Ainda Leonardo Pareja: os enigmas além da foto
Quando história pessoal, imprensa e controvérsia se cruzam no sequestro de uma jovem de família influente da capital baiana. Há 30 anos
O cerco em Feira de Santana
Em setembro de 1995, o Brasil voltou os olhos para Feira de Santana. O jovem Leonardo Pareja manteve como refém uma adolescente de 16 anos, integrante de uma família influente da Bahia. Durante três dias, a cidade viveu um cerco policial inédito. Pareja aparecia enrolado em lençóis, ameaçando a garota e negociando com a polícia. Há versões que sugerem que eles teriam se conhecido em uma boate em Salvador na noite anterior, mas não há confirmação oficial desse detalhe.

A escolha pelo confronto
Curiosamente, na época Pareja não era procurado pela Justiça. Se tivesse liberado a jovem de imediato, talvez passasse apenas alguns dias preso. Ele não pediu resgate e não apresentou exigências claras. Ainda assim, optou por prolongar o confronto, numa atitude que ampliou sua fama e marcou sua imagem como um criminoso audacioso.
O papel da imprensa
A cobertura do caso em Feira de Santana também entrou para a história. O fotógrafo Washington Nery, do jornal Feira Hoje, fez a imagem que ganhou repercussão nacional e foi premiada em salão de fotojornalismo. Além dele, tiveram papel central o editor Valdomiro Silva e o chefe de reportagem Augusto Ferreira. Este último chegou a ser arrolado como testemunha de defesa de Pareja, situação que ele considera absurda até hoje.

Infância e contradições
Apesar da trajetória criminosa, relatos dão conta de que Pareja teve uma formação considerada privilegiada. Teria estudado em boas escolas, falava inglês e chegou a aprender piano. Essas facetas contrastam com a imagem do bandido destemido e debochado que o país conheceu. A mistura de cultura, inteligência e violência ajudou a construir a aura controversa em torno de sua figura.
A mãe e a indenização
O destino da família também ganhou capítulos posteriores. A mãe, Carmem Pareja, moveu ação contra o Estado de Goiás pela morte do filho dentro do presídio, em 1996, quando ele foi executado por outros presos. Em 2011, a Justiça determinou o pagamento de R$ 105 mil por danos morais. O processo, no entanto, foi longo e há dúvidas se ela chegou a receber integralmente o valor antes de sua morte, em abril de 2023. Carmem foi enterrada em Goiânia, no mesmo túmulo do filho e do marido.

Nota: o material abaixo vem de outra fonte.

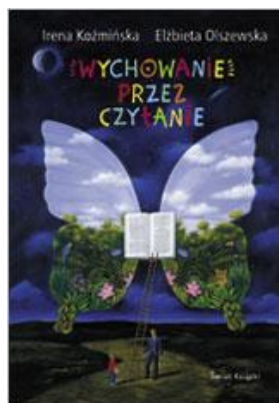
Dar na całe życie

Jeśli naprawdę chcesz, by Twemu dziecku nauka przychodziła łatwiej, by wzniosło się ponad przeciętność, było inteligentne i szczęśliwe, zaszczep w nim miłość do książek. Czytanie, przekonują autorki, to najskuteczniejszy i najtańszy sposób na dobre wychowanie!

Imagens: acervo Uefs – Museu Casa do Sertão
Prisões recentes e ecos da história
Décadas depois, os ecos do caso continuam a surgir. Em fevereiro de 2023, a Polícia Militar prendeu em Anápolis José Carlos dos Santos, condenado a 45 anos de prisão por participar do assassinato de Pareja no antigo Cepaigo, em 1996. Ele estava foragido desde 2018. O episódio mostra como a saga de Leonardo Pareja ainda reverbera na memória coletiva, misturando crime, justiça e imprensa, em uma história que não se apaga facilmente.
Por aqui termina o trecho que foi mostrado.